ICE also recognizes the unique, long-term health care management needs of detainees who identify as transgender and wants to ensure transgender detainees have access to every resource available at ICE’s disposal. In January 2020, U.S. Immigration and Customs Enforcement (ICE) transferred all detainees with chronic conditions, including the 27 transgender detainees, out of the Cibola County Correctional Center in Milan, New Mexico. While general population detainees were transferred to the Otero County Processing Center in Chaparral, New Mexico, the majority of the transgender detainees were transferred to the Denver Contract Detention Facility in Aurora, Colorado, or the Northwest Detention Center

in Tacoma, Washington. In January 2020, on average, ICE had nearly 100 self-identified transgender detainees housed in various facilities nationwide.

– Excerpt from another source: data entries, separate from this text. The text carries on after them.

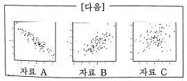 다음은 3개의 자료 A, B, C에 대한 산점도이다. 이 자료에 대한 상관계수가 -0.93, 0.20, 0.70 중 하나일 때, 산점도와 해당하는 상관계수의 값을 올바르게 짝지은 것은?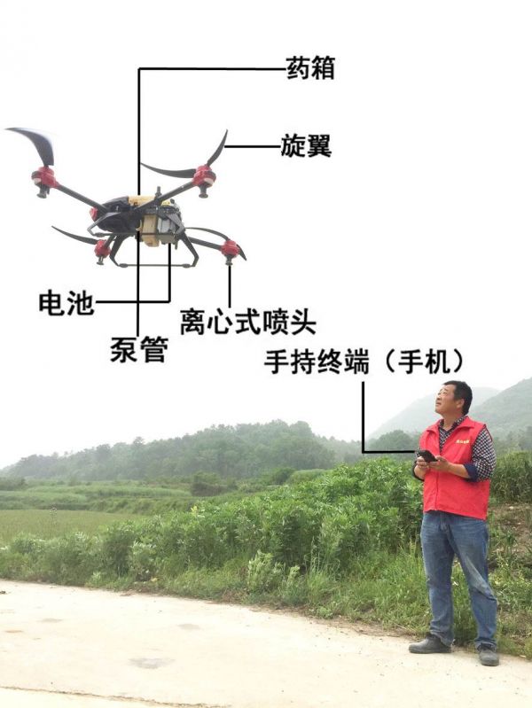 记者观察到,植保无人机比常见的航拍无人机体型大,背负着一个容量10升的药箱。飞手将药箱装好药置于槽内,用手机里下载的操作系统设定航线及各项飞行参数。飞机起飞后,四个泵将药箱里的药通过导管,分别输至螺旋桨下方的离心式喷头内,喷洒出雾化的液体。作业完成后,无人机自动飞回降落。
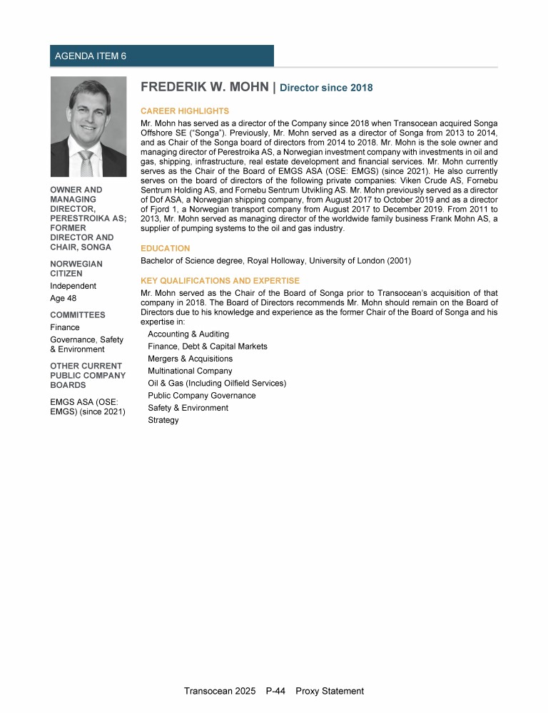 Invitation to 2025 Annual General Meeting of Transocean Ltd.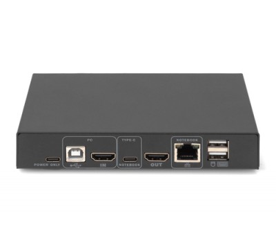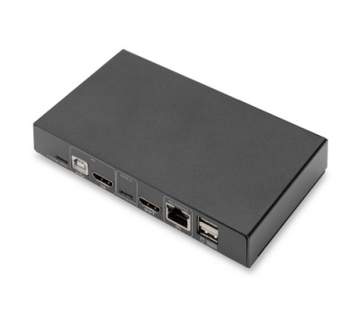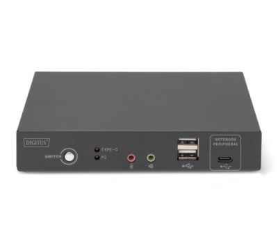 The DIGITUS® 2-port KVM switch with USB-C™ and network connectivity gives you the ability to control two 4K-capable PCs from a single USB keyboard and mouse. Conveniently switch between the two PCs at the touch of a button, eliminating the need to reconnect all cables. The Gigabit network port provides convenient access to the network via the additional USB-C™ port. The output to a monitor is done via the integrated HDMI output. Audio signals from the microphone and speakers can also be switched. In addition, another USB-C™ port and two USB A (2.0) ports are available on the front, which can be used for further peripherals such as USB sticks or external hard drives. Status LEDs on the front of the switch show you the current status at all times. The slim switch is rounded off by the robust metal housing.

In the wake of the December 2019 report, in addition to transferring all transgender detainees out of Cibola, ICE reported that the following corrective actions were implemented: concerning the completion of laboratory orders, a certified phlebotomist staff member was assigned to complete all backlogged labs by December 10; a new Clinical Medical Authority began “on-the-job” education in both proper lab procedures and documentation of labs into the electronic medical records on December 16; and, the clinical nurse specialist or designee, was also instructed on December 16 to print off a lab list daily and review for any overdue lab needing to be performed. Additionally, beginning January 2, 2020, CoreCivic began conducting a monthly Continuous Quality Improvement (CQI) study over 90 days to verify lab collection procedures are followed. All staff have also been educated on relevant detention standards, the use and documentation of the refusal form per CoreCivic policy and procedure, and medication policies.

Additionally, ICE has ensured the most commonly used HIV medications were added to the pharmacy inventory at Cibola, at CoreCivic’s expense, to prevent any delays in providing the medications to detainees upon release, and also set up a courier service with Cibola’s “back up” pharmacy via Diamond Pharmacy services and have notified the pharmacy of the HIV medications that should be stocked.